Ruang sempit yang bau pun mereka nikmati setiap hari. Itu mereka lakukan karena tidak memiliki tempat tinggal. Kebanyakan dari mereka berprofesi sebagai pemulung barang-barang bekas. Gorong-gorong yang paling diincar pemulung untuk menjadikan tempat tinggal biasanya di Kali Cideng, Gambir, Jakarta Pusat.

Seorang penjual minuman di kawasan tersebut, Sutar (52), menceritakan jika gorong-gorong itu sudah dijadikan tempat tinggal para pemulung sejak 10 tahun lalu atau sekitar tahun 2006.

“Memang ada yang tinggal sejak 10 tahun lalu di situ,” kata Sutar pada VIVA.co.id.

Sutar menjelaskan, orang yang tinggal di gorong-gorong itu selalu bergantian. Dia mengaku pernah berjumpa dengan salah satu pemulung yang pernah tinggal di situ. Mereka berkata jika dalam gorong-gorong terdapat banyak sekat-sekat.

“Yang tinggal ganti-gantian, enggak selalu pemulung yang sama. Pernah ada juga yang sekeluarga tinggal di situ,” kata dia.

Tapi, karena sudah tercium oleh Pemerintah Provinsi (Pemprov) DKI, mereka dilarang untuk tinggal di gorong-gorong itu lagi sekarang ini.

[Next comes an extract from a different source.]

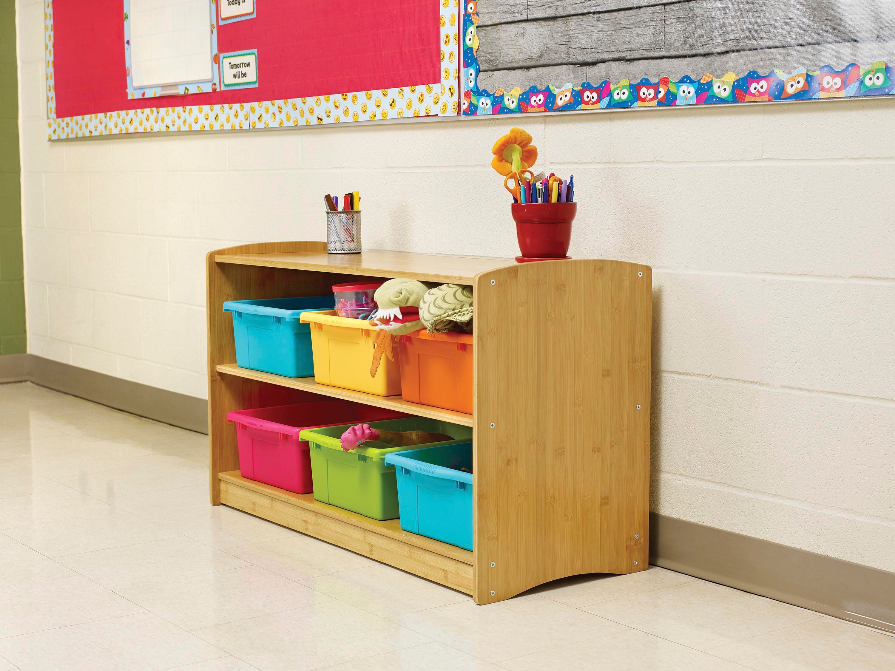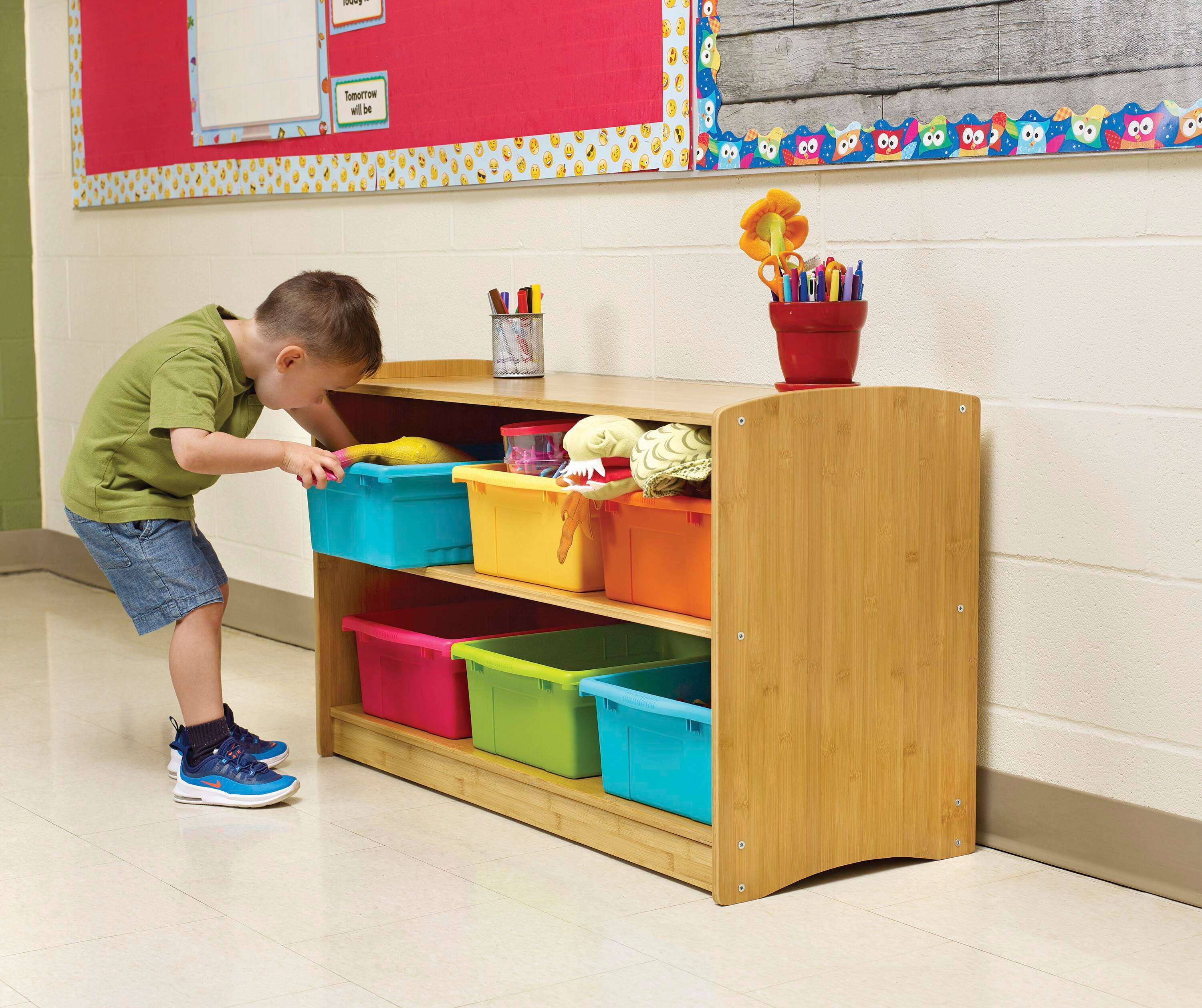 The Bamboo Book Shelf has a natural aesthetic suited for neutral and early childhood environments. With three shelves for storage and optional six-tub configurations, this Bamboo Book Shelf is at the ideal height for ECE students and educators to access learning materials, books and other supplies. Bamboo is a renewable resource that grows quickly and sequesters carbon, unlike steel which produces carbon. For every bamboo product purchased, Copernicus will make a donation to conserve natural panda habitat through the World Wildlife Fund.

Jika dilihat dari luar, gorong-gorong berbentuk kotak dan gelap. Banyak sampah seperti bungkus makanan ringan, bahkan sampah benda pribadi seseorang. Meski kini gorong-gorong itu sudah tak digunakan sejumlah pemulung untuk tinggal, tapi, ternyata tempat itu difungsikan sejumlah pemulung yang bingung untuk buang air.

“Sekarang masih ada yang sering ke situ (pemulung). Mereka pakai untuk buang air kecil bahkan buang air besar,” kata dia.** (Viva)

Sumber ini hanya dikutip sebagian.